Penganut pandangan ini dituduh justru mengandaikan kebenaran yang hendak dibuktikannya,
yakni bahwa pengalaman moral hanya dapat dijelaskan secara memuaskan dalam
hubungannya dengan agama. Ia juga harus menghadapi bukti-bukti bahwa orang-orang
mempunyai pandangan yang berbeda-beda tentang apa yang dimaksudkan dengan "baik"
serta adanya dilema-dilema moral. Agar dapat dipertahankan, pandangan ini harus juga
menunjukkan bahwa penjelasan-penjelasan lain (yang sosio-psikologis) tentang timbulnya
serta berlanjutnya perasaan moral ini tidak memuaskan. Beberapa filsuf moral dan pembela
Kristen berpendapat bahwa kesulitan-kesulitan ini dapat diatasi (lihat Owen 1965; Lewis
1952).
e Akal budi

Pandangan ini mengemukakan bahwa materialisme murni tidak dapat menerangkan


kemampuan pikiran manusia untuk mengambil kesimpulan dari dasar-dasar pikiran. Operasi
intelek manusia dengan efektif, dan sifat-sifat lain dari pikiran dan bayangan, hanya dapat
diterangkan atas dasar adanya pikiran supra-alami, yaitu Allah. Seandainya tidak ada
intelegensi ilahi, bagaimana orang dapat mengharapkan bahwa pemikirannya benar dan oleh
sebab itu, apa alasannya sehingga argumen-argumen yang dikemukakan untuk mendukung
ateisme dapat diterima?
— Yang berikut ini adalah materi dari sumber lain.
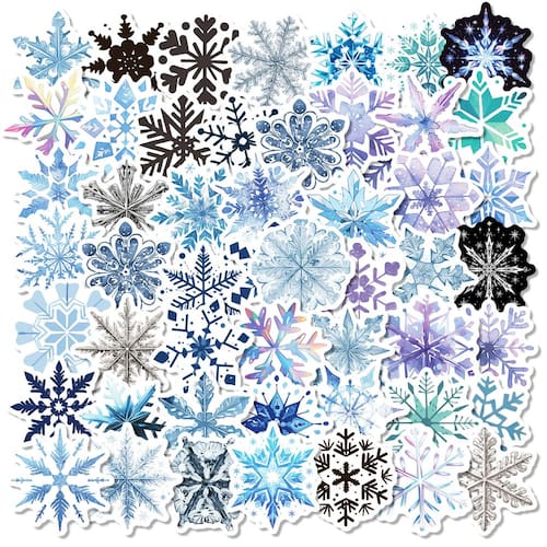 Material: papel e vinil Peso: 30-60 g Tamanho: 3-6 cm Quantidade: 50 peças Tema de floco de neve de inverno 50 peças de adesivos exclusivos de flocos de neve em tons de azul, branco, preto e roxo, adicionando uma atmosfera sazonal de inverno aos seus itens pessoais e projetos criativos. Vinil impermeável durável Feitos de material de vinil de alta qualidade, esses decalques são à prova d'água, resistentes ao sol e de longa duração, mantendo cores vibrantes em uso interno e externo. O design autoadesivo Easy Peel & Residue-Free torna os adesivos simples de aplicar e remover sem deixar resíduos pegajosos, seguros para laptops, garrafas ou móveis. Decoração DIY versátil. Perfeita para decorar laptops, garrafas de água, capas de telefone, skates, malas, álbuns de recortes, cadernos, janelas, capacetes e muito mais. Os belos padrões de flocos de neve criativos e estéticos são adequados para adolescentes e adultos, ideais para personalizar artesanato de inverno, decoração sazonal ou diário estético.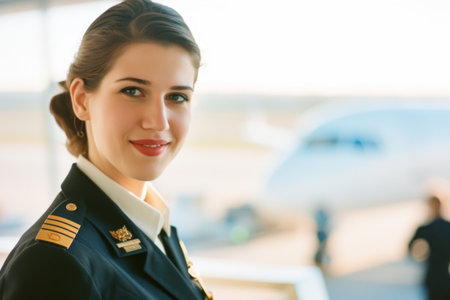 Poised and authoritative, a female airline captain stands next to a jet on the runway, embodying expertise and empowerment in the modern aviation industry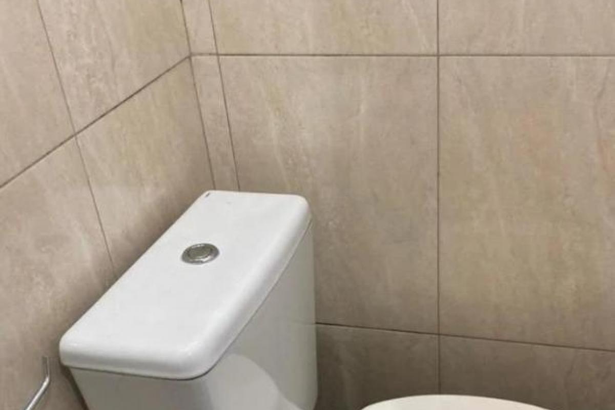 "Estaba ayudando a una amiga a buscar alquiler y me encontré con esto", ha escrito en la red social. A continuación ha mostrado una fotografía de inodoro completamente encajonado entre las paredes del baño.
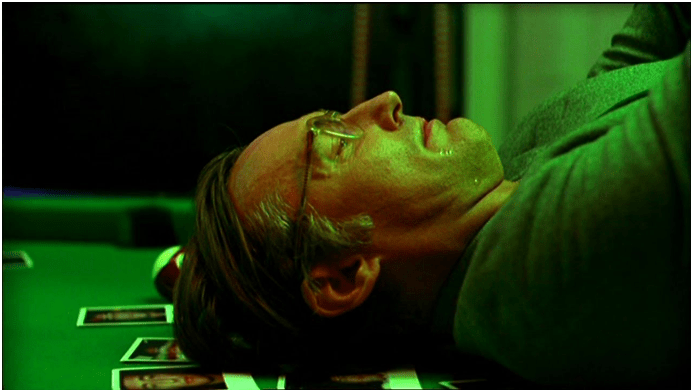 Ripley seems to be seeking confirmation of his own identity, his clearly dubious morals having hollowed him out over the years. He couldn’t have chosen a worse way to re-establish his sense of self. Like my deathly Polaroid – taken in pretty much the same fashion, even stretching into similar positions in order to find how best to capture my face on that awful afternoon – it reveals precisely what we don’t want to see.

Lewis (1947) merupakan pendukung utama pandangan ini dan akhir-
akhir ini didampingi oleh filsuf agama kebangsaan Amerika, Plantinga (1967), walaupun
melalui jalan yang berbeda.

f Kristologi

Pandangan ini mengacu pada kriteria dari probabilitas sejarah untuk menunjukkan bahwa
Yesus Kristus hanya dapat dijelaskan secara memuaskan jika diperkirakan bahwa Allah hadir
dan berkarya di dalam Dia. Para pendukung pandangan ini menunjukkan sifat pribadi-Nya
yang tak bernoda, pernyataan-Nya yang mengherankan tentang diri-Nya dan misi-Nya, dan
khususnya bukti kebangkitan-Nya. Dalam hal terakhir ini, perhatian khususnya ditujukan
pada kesulitan yang dialami untuk memberikan penjelasan lain yang lebih memadai tentang
munculnya gereja Kristen dengan begitu cepat sesudah kematian Yesus, jika Ia tidak bangkit.

Pandangan ini harus menghadapi pertanyaan mengenai keterandalan historis tulisan


Perjanjian Baru dan kesulitan filosofis yang ditimbulkan oleh mujizat-mujizat Yesus. Akhir-
akhir ini ada ahli-ahli yang bergabung dengan para pembela Kristen populer dalam
pernyataan bahwa keberatan-keberatan ini dapat diatasi dan pertimbangan-pertimbangan
yang historis semata-mata membawa orang dekat kepada kepercayaan.